---------- DATA BELOW

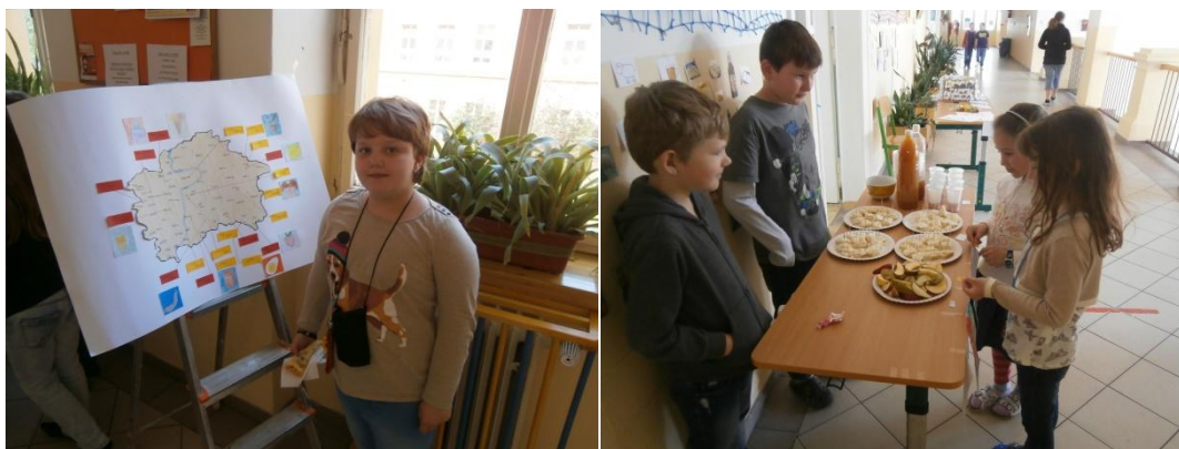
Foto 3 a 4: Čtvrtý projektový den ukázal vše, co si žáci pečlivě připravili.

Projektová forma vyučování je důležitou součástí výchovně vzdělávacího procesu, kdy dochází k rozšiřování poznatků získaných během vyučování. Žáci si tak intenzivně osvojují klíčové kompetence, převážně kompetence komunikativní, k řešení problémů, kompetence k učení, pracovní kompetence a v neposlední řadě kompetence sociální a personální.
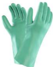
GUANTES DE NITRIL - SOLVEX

--------------------

- _EXERCISE INSTRUCTIONS_
Would you give the material back exactly, minus the pictures?

- _WRITTEN ANSWER_
Foto 3 a 4: Čtvrtý projektový den ukázal vše, co si žáci pečlivě připravili.

Projektová forma vyučování je důležitou součástí výchovně vzdělávacího procesu, kdy dochází k rozšiřování poznatků získaných během vyučování. Žáci si tak intenzivně osvojují klíčové kompetence, převážně kompetence komunikativní, k řešení problémů, kompetence k učení, pracovní kompetence a v neposlední řadě kompetence sociální a personální.
GUANTES DE NITRIL - SOLVEX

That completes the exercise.